- Pownal Pownal
- Coordinates: 42°45′55″N 73°14′08″W﻿ / ﻿42.76528°N 73.23556°W
- Country: United States
- State: Vermont
- County: Bennington
- Town: Pownal

Area
- • Total: 0.52 sq mi (1.34 km^{2})
- • Land: 0.51 sq mi (1.33 km^{2})
- • Water: 0.0077 sq mi (0.02 km^{2})
- Elevation: 597 ft (182 m)
- Time zone: UTC-5 (Eastern (EST))
- • Summer (DST): UTC-4 (EDT)
- ZIP Code: 05261
- Area code: 802
- FIPS code: 50-56950
- GNIS feature ID: 2807124

= Pownal (CDP), Vermont =

Pownal is an unincorporated community and census-designated place (CDP) in the town of Pownal, Bennington County, Vermont, United States. It was first listed as a CDP prior to the 2020 census.

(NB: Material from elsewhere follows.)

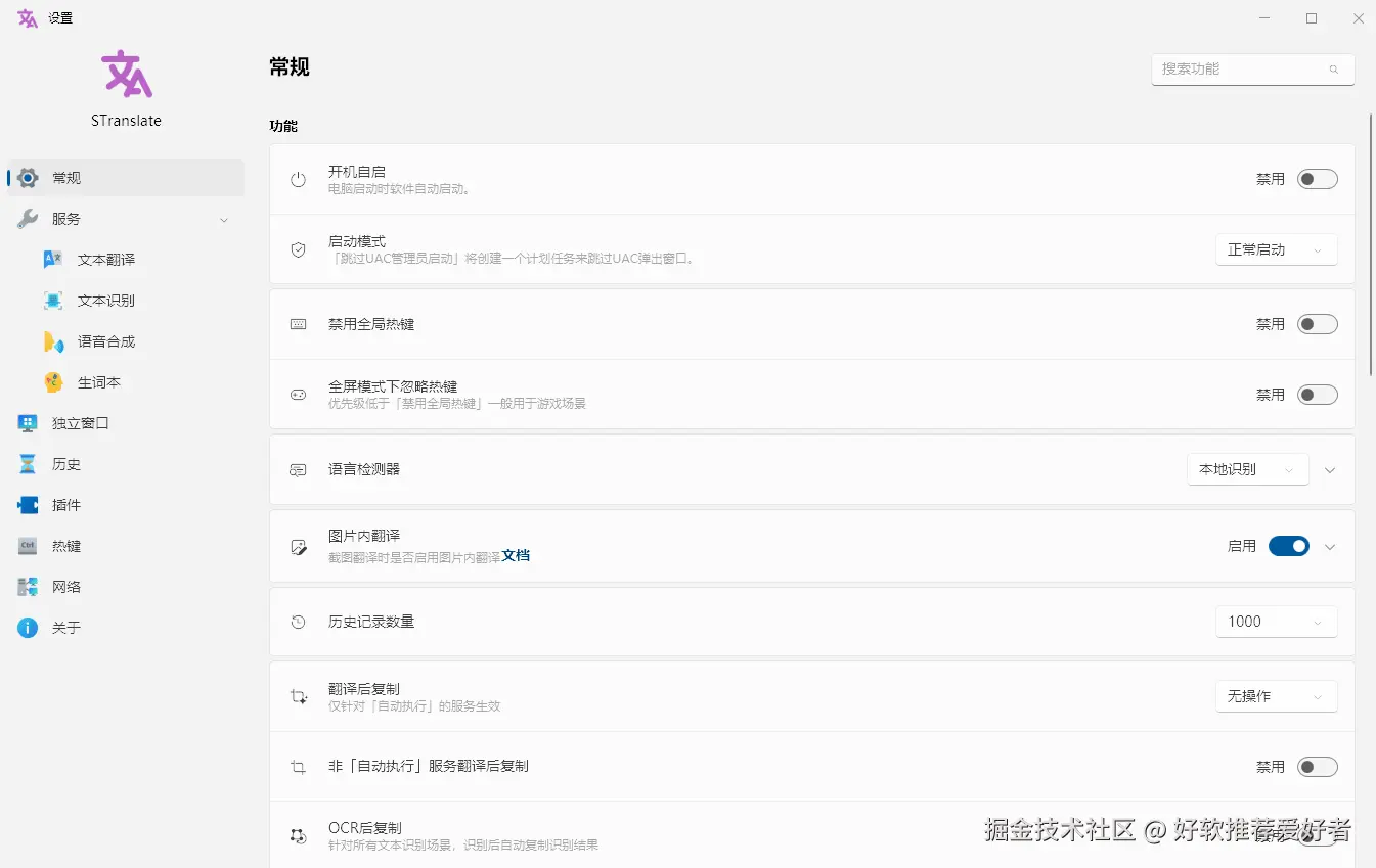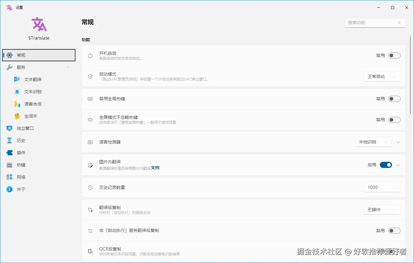 - 服务配置:可自由开启或关闭翻译服务、OCR 服务、语音服务,还支持连通性测试,确保服务正常运行。

It is located in southwestern Bennington County, in the southwestern part of the town of Pownal, 1.5 mi north of the Vermont–Massachusetts border. The Hoosic River, a westward-flowing tributary of the Hudson River, forms the western edge of the village. Vermont Route 346 passes through the center of the village, leading northwest 3 mi to North Pownal. It has its southern terminus in the eastern part of Pownal village, at U.S. Route 7, which leads north 9 mi to Bennington and south 5 mi to Williamstown.